Wolter Noordman bijt zich vast in Veluws oorlogsdrama
HEERDE. Het lichaam van verzetsman Bram Fros (39) uit Loosduinen drijft lange tijd in de IJssel. Pas twee weken na zijn executie wordt het uit het water gehaald. In de binnenzak van zijn jas zit een Bijbel met daarin zijn naam en een gezinsfoto. Dan is duidelijk wie hij is.
Wolter Noordman (66) uit Heerde tekende deze dramatische episode op in zijn deze maand verschenen boek ”De vijftien executies. Liquidaties aan de IJsseloever, april 1945” (uitg. Omniboek; ISBN 9789401905206; 22,50 euro).
Noordman geldt als expert op het gebied van de Duitse bezetting en het verzet in zijn regio. Deze keer beet hij zich jarenlang vast in een drama uit de nadagen van de oorlog. „Dit boek gaat over mannen die veel op het spel zetten. Het waren voornamelijk principiële verzetsmensen. Ze kwamen al vroeg in de oorlog in het geweer.”
Veel plekken in Nederland kennen oorlogsdrama’s. Hattem, op de Veluwe, is geen uitzondering. Op 4 en 10 april 1945 schiet de Sicherheitsdienst er in totaal vijftien mannen dood.
Het merendeel van de slachtoffers is verzetsman, maar onder hen zijn ook een Britse en een Belgische militair. Ook twee ‘gewone’ overvallers uit Wezep worden doodgeschoten. Ze hebben het ongeluk in april 1945 in de Zwolse gevangenis te zitten.
Eerst vinden zes mannen de dood op de IJsseldijk bij Hattem, als represaille voor een sabotageactie aan het spoor bij Oldebroek. Zes dagen later staan er tien mannen voor het vuurpeloton bij het Katerveer, even verderop.

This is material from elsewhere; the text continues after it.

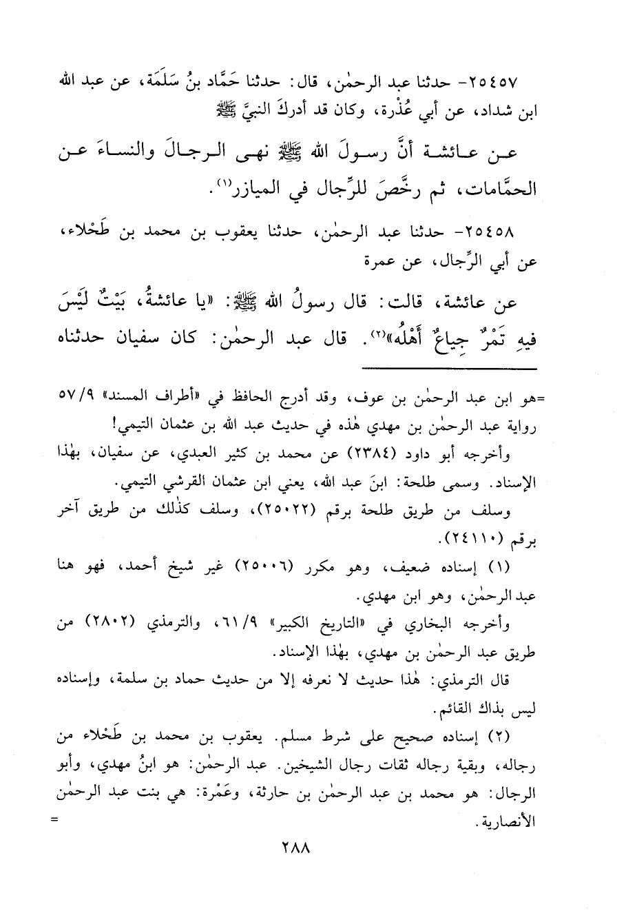 ٢٥٤٥٧ - حَدَّثَنَا عَبْدُ الرَّحْمَنِ، قَالَ: حَدَّثَنَا حَمَّادُ بْنُ سَلَمَةَ، عَنْ عَبْدِ اللهِ بْنِ شَدَّادٍ، عَنْ أَبِي عُذْرَةَ، وَكَانَ قَدْ أَدْرَكَ النَّبِيَّ صَلَّى اللهُ عَلَيْهِ وَسَلَّمَ، عَنْ عَائِشَةَ: " أَنَّ رَسُولَ اللهِ صَلَّى اللهُ عَلَيْهِ وَسَلَّمَ نَهَى الرِّجَالَ وَالنِّسَاءَ عَنِ الْحَمَّامَاتِ، ثُمَّ رَخَّصَ لِلرِّجَالِ فِي الْمَيَازِرِ " (١)

De lichamen van de tweede groep worden in de IJssel gegooid.
De Belg Joseph Lamarche uit Zwolle, vluchteling uit de Eerste Wereldoorlog en opgepakt wegens het verbergen van een gedeserteerde Duitser, overleeft de executies bij het Katerveer. Noordman tekent op uit een interview uit 1947: „Ik zag dat Duitse militairen hun geweer in de aanslag brachten. Op dat moment sprong ik de IJssel in. Gelijk hoorde ik schieten en ik merkte dat ik in mijn onderlichaam geraakt was. Ik bleef in het ondiepe water liggen en hoorde nog iemand kermen en om genade roepen. Er volgden nog wat schoten, en toen werd het stil.”
In het boek krijgen de slachtoffers een gezicht en een levensverhaal. „Ik heb getracht om nabestaanden op te sporen voor informatie. Dat is in belangrijke mate gelukt”, zegt Noordman. Ook de daders worden genoemd, vaak met naam en foto. „Confronterend, maar het zijn de feiten.”

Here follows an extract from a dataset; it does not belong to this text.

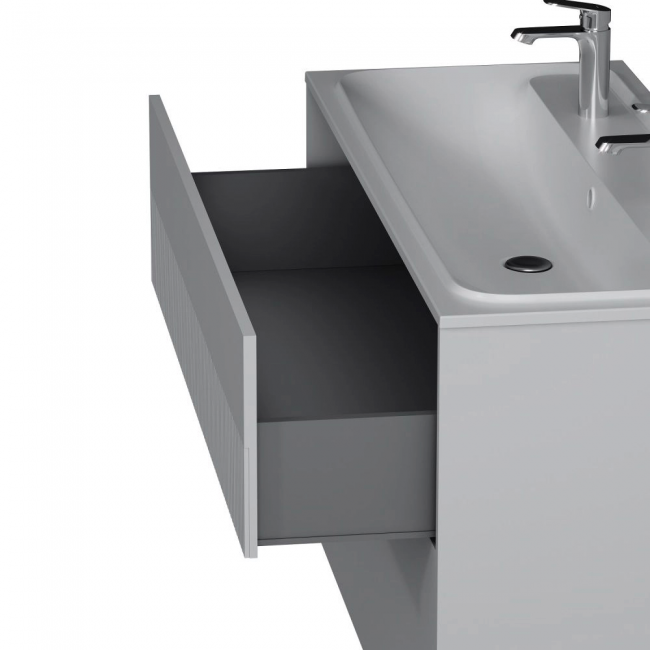 Удобный выдвижной ящик позволит хранить все необходимые средства под рукой. Невероятно мягкое открытие и закрытие благодаря направляющим скрытого монтажа с системой soft close.

Twee mannen zorgden ervoor dat Noordman zich vastbijt in de zaak: lokaal journalist Henk Stalenburg (overleden in 2008), die wegens gezondheidsproblemen zijn dossiers moest overdragen aan het streekarchief, en de Belgische oud-SAS-agent Francois Siffert. Deze maakte ooit deel uit van een commissie die de dood van de Belgische soldaat onderzocht.
Noordman ontkent het verhaal dat de Duitsers de vijftien in paniek doodden. „De afdeling contraspionage verkast op 2 april 1945 van Zwolle naar Haren. Een dag voor het vertrek maakt de SD al lijsten met namen van mannen die ‘overbodig’ zijn, ”Todeskandidaten”. Een doodvonnis.”
Die Todeskandidaten zijn ‘bruikbaar’ als represaille na een aanslag of sabotageactie. „Bovendien ligt er een bevel van SS-baas Himmler dat bij een overhaast vertrek van een Einsatzkommando van de SD de Todeskandidaten moeten worden geliquideerd. Dit is een bewuste moord”, weet Noordman. „De SD-contraspionage neemt twee nog ‘bruikbare’ mannen wel mee naar Haren. Zij overleven de oorlog.”
Het meest treurige verhaal is dat van de 16-jarige Florimond Beke uit het Belgische Gent, een puber die op zijn 14e wegloopt en via een Vlaams jongerenkorps bij de SS wordt ingelijfd, „meer uit branie dan uit overtuiging.”
Florimond deserteert twee keer, wordt opgepakt en belandt in de gevangenis in Zwolle. Zijn naam staat op geen van beide monumenten. Noordman: „Ik hoop dat deze fout ooit wordt rechtgezet.”